Viago arched his one remaining eyebrow.
“Oh, is that what you’d call pissing away my profits? Your boys lost all of last month’s take! They pitched it into a hole at the first sign of trouble, the gormless bastards!”
“No, hetman,” Ravelin gently corrected, “My boys stole all of last month’s take.”
One might’ve heard a pin drop in the silence that followed. The chancers sat up in eager anticipation, like hounds waiting on scraps of meat from the master’s lap. Viago’s limbs stretched out, slowly encircling Ravelin within the jaws of a delicate cage.
“In that case,” Viago leaned down till their eyes were level, “I find myself searching for a reason not to chop you into so much sausage meat.”
“First of all, it’d take forever to scrub the mess off your floorboards,” Ravelin grinned, “More importantly, you’d never recover your losses without my help. Muster and Spatz stashed it away, you see, all nice and secret-like.”
“Muster and Spatz…” Viago began, his face twisting in hatred.
“…will no longer be joining our social club,” Ravelin assured him, “But I got the location out of them, before the end. I’d be happy to recover your goods on my next run. Free of charge.”
“That won’t be necessary. Simply tell me where it is and I’ll send a crew along to retrieve it.”
“I insist,” Ravelin said, knowing that this knowledge was probably the only thing keeping him alive.
“Of course, I could just tear out of you here and now,” Viago raised his voice, “Though my instruments aren’t the prettiest,” he ran a scalpel down a taut metal cable so that it thrummed like a lyre string, “They’ll make any man sing.”
“I can’t carry a tune to save my life,” Ravelin said, knowing this to be the final throw of the dice, “But I’m always ready to dance.”
Time tiptoed on a knife’s edge. The room held its collective breath. Ravelin’s hand inched towards the handle of his hatchet. Viago saw this, and grinned. With a casual flick the hetman sent a sawblade limb darting forward, quicker than any eye could follow. Ravelin winced, expecting to feel a sudden lightness where his arm used to be, followed by the heady rush of arterial blood rapidly leaving his body. Instead, he found the hetman patting his shoulder with the flat of the blade.
“You’re a good boy, Ravi, and your word’s as true as silver,” Viago said with majestic magnanimity, “Which reminds me. Twixt!” he yelled to the front door, “Fetch me three nugs from the strongbox!”
There were murmurs of surprise in the crowd. Some looked as though their eyes would pop out of their skulls. Viago was paying Ravelin the equivalent of two runs under a full load. Twixt buzzed in, wings struggling under the weight of the satchel which he dropped at Ravelin’s feet. Three bars of pure silver clunked to the ground.
The message was clear: treachery paid well. Now every crew would think twice before filching from the hetman’s spoils, knowing that their friends would be only too glad to plant daggers in their backs for the reward.
Viago looked at Ravelin with smug expectation. Hating himself for breaking his own promise, Ravelin got down on his knees and scooped up his pay, conscious all the while of the looks of envy and disgust he was receiving.

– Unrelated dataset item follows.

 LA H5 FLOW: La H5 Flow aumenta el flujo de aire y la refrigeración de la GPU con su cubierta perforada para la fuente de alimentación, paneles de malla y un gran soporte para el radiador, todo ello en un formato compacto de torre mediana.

But the silver felt heavy and sure in his hands, and he felt the familiar thrill at its cold touch.
Another job well done.
“Now about your next run…” the hetman placed a fatherly claw on the back of Ravelin’s neck, “Let’s head upstairs, talk some terms.”

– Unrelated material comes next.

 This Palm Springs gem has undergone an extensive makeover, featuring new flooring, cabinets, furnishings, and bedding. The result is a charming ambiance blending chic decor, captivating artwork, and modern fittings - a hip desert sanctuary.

And with that, Viago drew himself up the cables and into the shadowed recesses of the atrium above.
“A lift would’ve been nice,” Ravelin grumbled, turning for the stairs.
He managed to drag himself to the first landing and out of sight before sagging against the wall with a heavy sigh, waves of relief washing over him.
Though he’d spent most his time in the wastes beyond the walls, this was the closest he’d come to dying all week.